肩こりに薬物治療の必要はある?

肩こりに薬物治療の必要はある?

肩こりで悩む多くの人は、筋肉の疲労が上手く回復できないことや、姿勢の歪みから来る神経の圧迫など、物理的な問題があることがほとんどです。
そのため、その物理的な問題を解消することが、肩こりの改善につながる手助けとなります。

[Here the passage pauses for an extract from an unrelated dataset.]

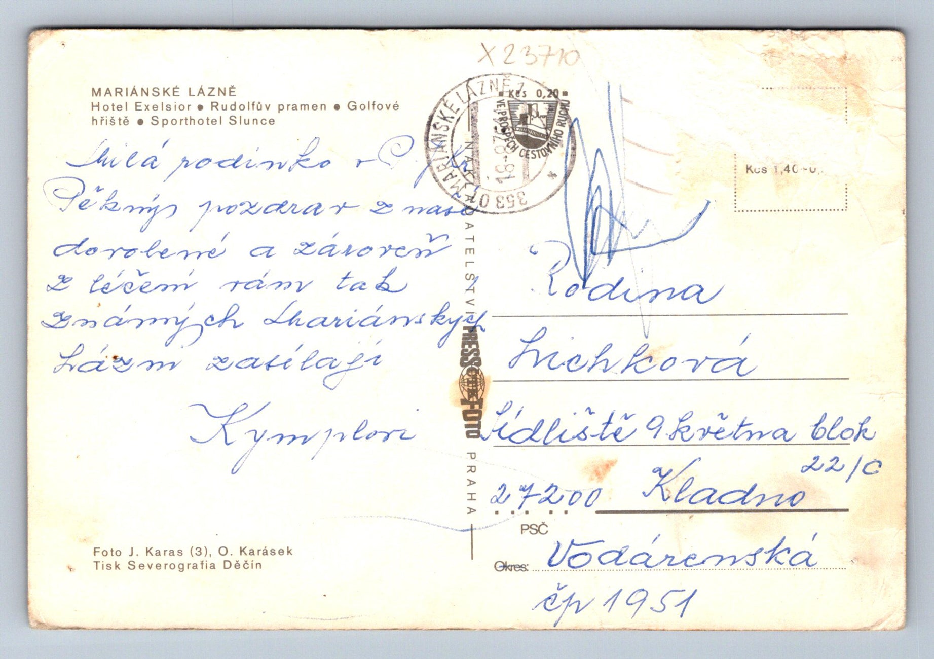 Postcard MARIANSKÉ LÁZNĚ (X23710)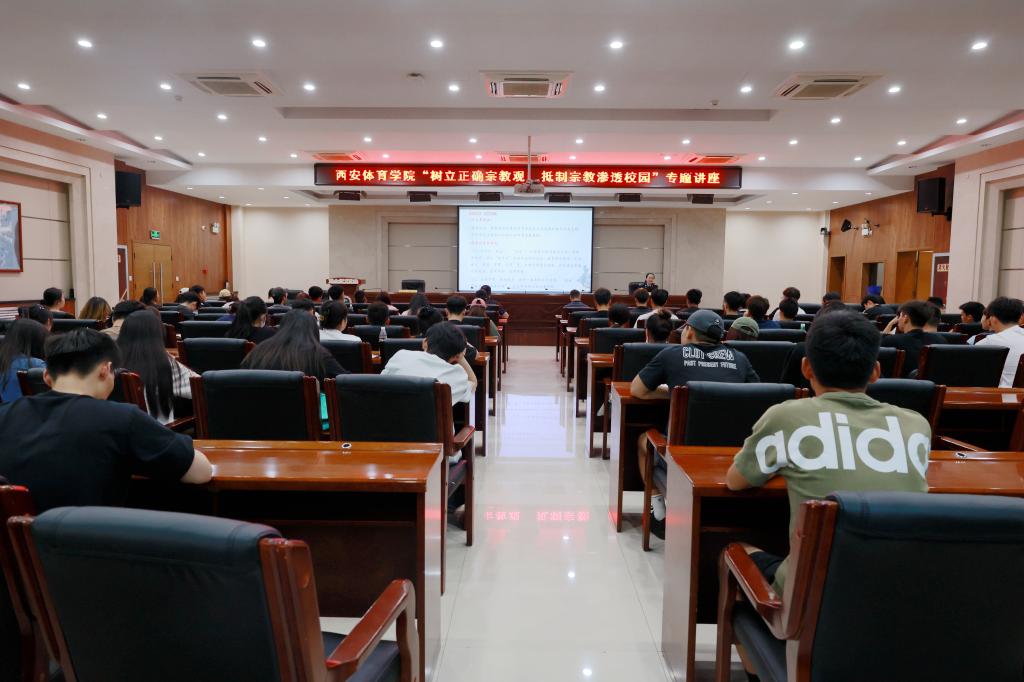 本网讯 为深入贯彻落实习近平总书记关于宗教工作的重要论述,提高师生防范非法宗教活动意识,提升抵御宗教渗透校园能力,普及宗教活动政策法规,5月15日,校党委统战部邀请西安市公安局碑林分局一级警长吕欣为我校师生作《树立正确宗教观抵制宗教渗透校园》专题讲座。各二级学院(部、校)辅导员,学生党、团员代表及党委统战部全体同志参加讲座。校党委校长办公室主任、党委统战部常务副部长张军主持。

筋肉の疲労回復には、栄養を行き渡らせることと、休養が必要です。
栄養を行き渡らせるためには、栄養の摂取と共に血液を行き渡らせることが必要です。
そのためには、肩を温めたり、マッサージなどによって肩をほぐしてあげることが一番です。
しかし、それ以外の方法もあります。
温湿布を肩周りに張ることによって、皮膚の温度を上げてやり、毛細血管を拡張させる方法があります。
これは、温湿布にカプサイシンが含まれる場合に、効果が期待できます。
温湿布は外用薬として有名ですが、肩こりに効果が期待される薬には、様々なものがあります。
例えば、筋弛緩薬です。
筋弛緩薬は、神経や細胞膜などに作用して、緊張状態にある筋肉を弛緩させるための薬です。
強い緊張状態にある筋肉を弛緩させることで、血液の循環を良くし、肩こりの痛みを軽減させることができます。
他にも、肩こりの痛みや炎症を抑えるものとして、神経ブロック注射やホルモン注射、消炎鎮痛剤などがあります。
また、筋肉の疲労回復効果や、神経機能の調節効果があるとされるビタミンB群などを摂取するためのビタミン剤や、抗不安剤なども一種の薬物治療といえます。
これらは、肩こりを薬の力で治療する、薬物治療に用いられます。
薬物治療は痛みがひどいときや、症状が重症化している際に用いることで、大きな効果が期待できます。
しかし、その一方で多少ながら副作用があることや、ショック反応が起こるリスクも抱えています。
肩こりの原因の解決に薬物が必要な場合もありますが、多くの人はそれほど必要ではありません。
ただし、肩こりが重症化しているときに、少量の薬や一時的な利用などは有効な対策です。
医師に相談した上で、ここぞというときに利用してみると良いでしょう。